Generic drug maker Stada faces turbulent times after a boardroom coup led by an activist investor ousted the supervisory board chairman, Martin Abend. Investor Active Ownership Capital managed to boot four other board members too but didn’t get to name their replacements, ensuring more infighting. That’s kind of like having your cake and not getting to eat it too.
Several times a week, representatives from Google like to visit the office of E.U. Digital Commissioner Günther Oettinger in Brussels. The Silicon valley lobbyists want the European Commission to abandon its plan to give authors and artists exclusive rights to their digital content for 20 years, Handelsblatt has learned. Such a move could cost Google billions. But taking on Google, a virtual monopoly in Europe, is like taking on the post office, Deutsche Bahn or the airlines. Soon, a search for European art or literature could yield zero results.
Chancellor Angela Merkel’s support is dwindling, and she may accelerate plans to seek a fourth term, according to daily Bild. Her likely challenger, Social Democrat Sigmar Gabriel, is already on the warpath, accusing Merkel of miscalculating on the refugee issue in a weekend interview. Merkel, who may make her campaign official in December, didn’t take Gabriel’s bait. One reason may be the SPD’s own miserable standing, at just 22 percent of the German public voters. Why fire at a sinking ship?
Gabriel may be on a roll, but we don’t know where it will end. On Sunday, he pronounced free trade talks between Europe and the U.S. – which Merkel still backs – as “de facto’’ dead. He originally supported the trade deal, but has flip-flopped amid growing opposition in Germany. Given his track record, however, his position, like the trade deal he ostensibly now opposes, could suddenly come back to life.

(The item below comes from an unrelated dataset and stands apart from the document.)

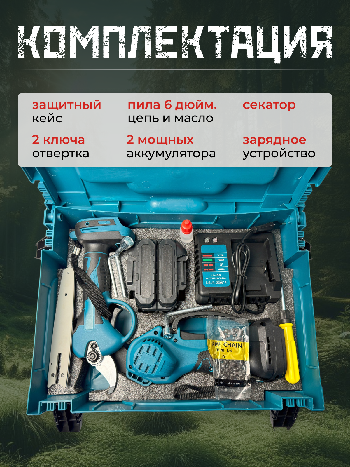 Набор аккумуляторный мини пила и бесщеточный секатор с 2 аккумуляторами информация:

Shareholders at Hapag-Lloyd approved the shipping firm’s merger with the United Arab Shipping Company, hoping the tie-up will help tow it out of the Bermuda Triangle of debt. But some stakeholders pointed out United Arab’s $201 million loss this year. That could be like grasping at a lifeline made out of cement.

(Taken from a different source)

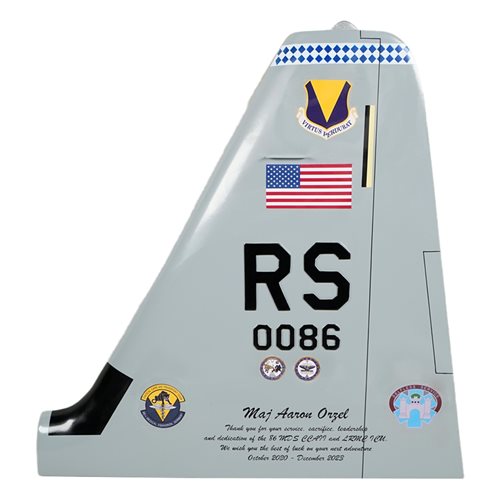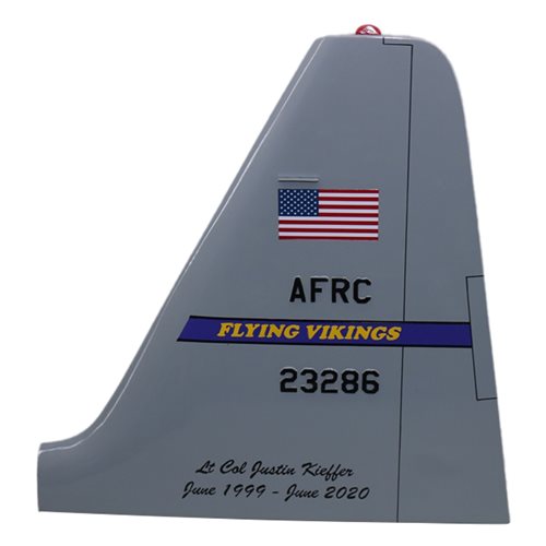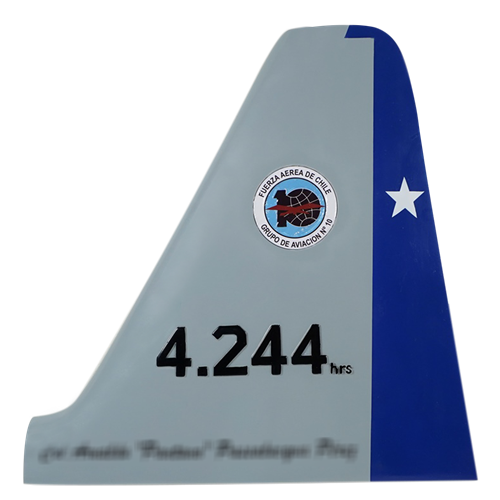 Your custom mahogany wood C-130 Hercules aircraft tail flashes are hand-carved and painted with squadron markings, any patch, tail number, and any three lines of personalized text.

The only thing running on time at Europe’s largest railway operator is its strike schedule. Unions are digging in ahead of the next round of pay talks at Deutsche Bahn, demanding a 4 percent raise. If CEO Rüdiger Grube, already bruised from a €1.3 billion loss last year and nationwide scorn over late trains, can’t find a way off the collision course, the next point of heated debate will be over his own contract.